Willkommen in der DDR 2.0


----------



## Lelwani (2. Oktober 2017)

Nächster schritt zur totalen überwachung ... naja die gibs doch sowieso schon


----------



## Rotkaeppchen (2. Oktober 2017)

Fresh-Dumbledore schrieb:


> Willkommen in der DDR 2.0


Du hast glaube ich überhaupt keine Ahnung, was Leben in der DDR bedeutete. 



Lelwani schrieb:


> Nächster schritt zur totalen überwachung ... naja die gibs doch sowieso schon


Facebook, google und ok sind in der Tat mit totaler Überwachung gleichzusetzen.
Entziehen kann man sich immer schwerer.


----------



## Lexx (2. Oktober 2017)

PCGH_Raff schrieb:


> Aber nun bitte zurück zum Thema ...


Sonst gibts Löschungen oder gar Punkte.

Ihr könntet die Server aber auch in ein/em eher liberaleres/n Gebiet verlegen/mieten.
Um nicht zu sagen: Rechtsfrei.


----------



## Colonel Faulkner (2. Oktober 2017)

Diejenigen,  die anderen vorschreiben was man öffentlich sagen darf und was nicht,  sind auch diejenigen, die jederzeit nach Lust und Laune über die  Deutungs- und Meinungshoheit verfügen - hier geht es nicht um  vorgeschobenen "Hass" (im Übrigen ein absoluter Gummibegriff, beliebig  ausleg- und erweiterbar), sondern um Kontrolle.
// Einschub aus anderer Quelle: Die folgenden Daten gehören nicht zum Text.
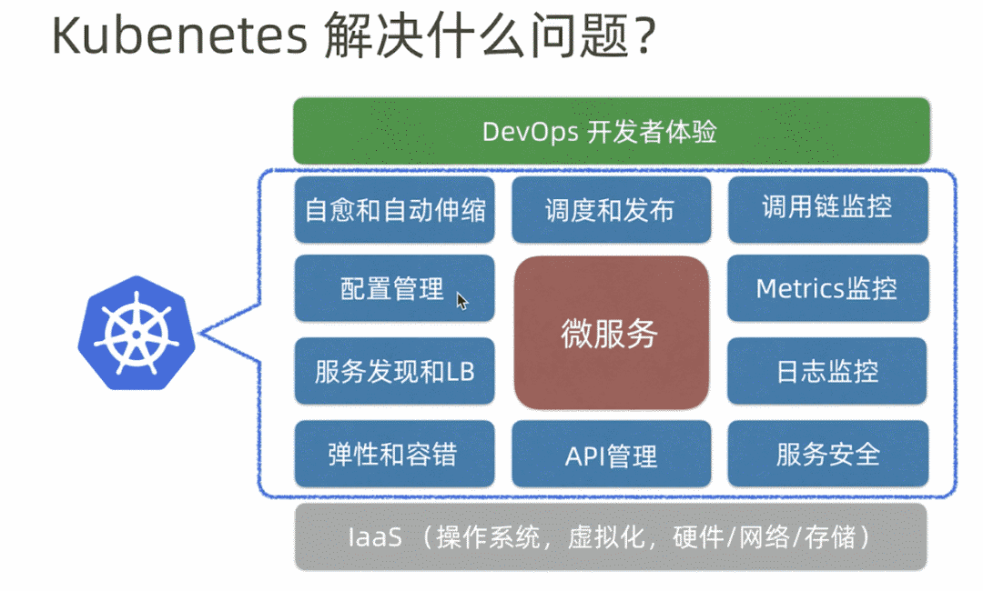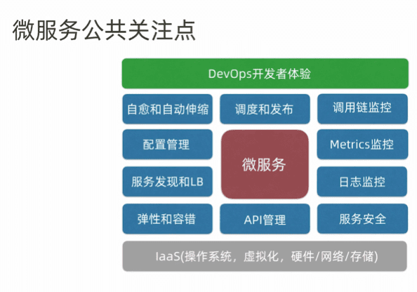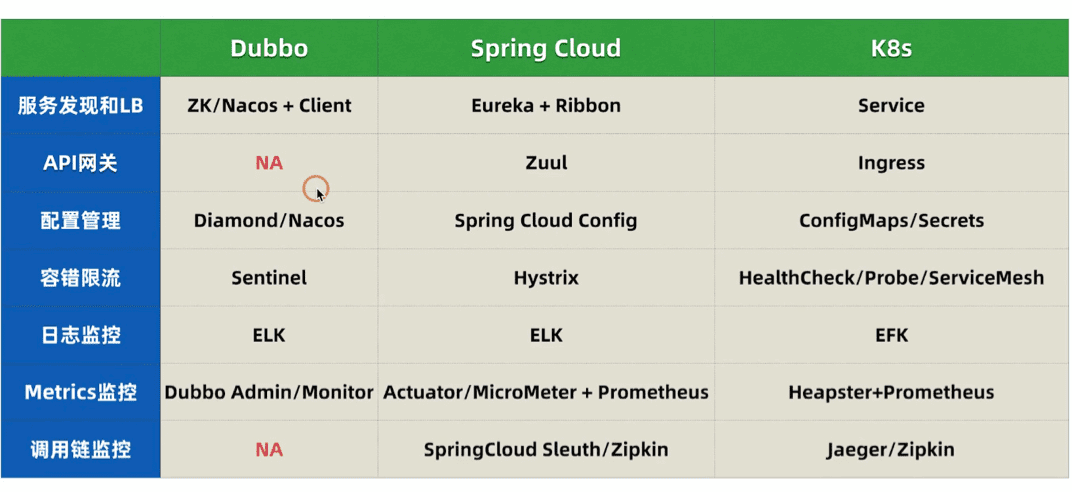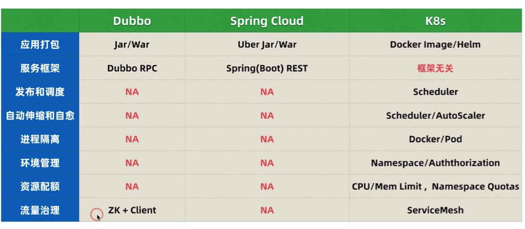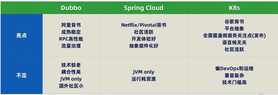 通过横向对比,我们可以看到不论是 Dubbo 还是 Spring Cloud 对比 Kubernetes 都有诸多缺点。相比阿里巴巴的 Dubbo、Netflix 的 Spring Cloud, Google 提供的 Kubernetes 才是具备完整的一站式的微服务解决方案的技术方案。如图:

Jeder soll schon im  Vornherein die Schere im Kopf haben, immer mit dem Gedanken, er bekommt  Druck, Repressalien und Strafen bis hin zur Existenzvernichtung, wenn er  oder sie nicht auf Line ist.


----------



## Lelwani (2. Oktober 2017)

interessierterUser schrieb:


> Du hast glaube ich überhaupt keine Ahnung, was Leben in der DDR bedeutete.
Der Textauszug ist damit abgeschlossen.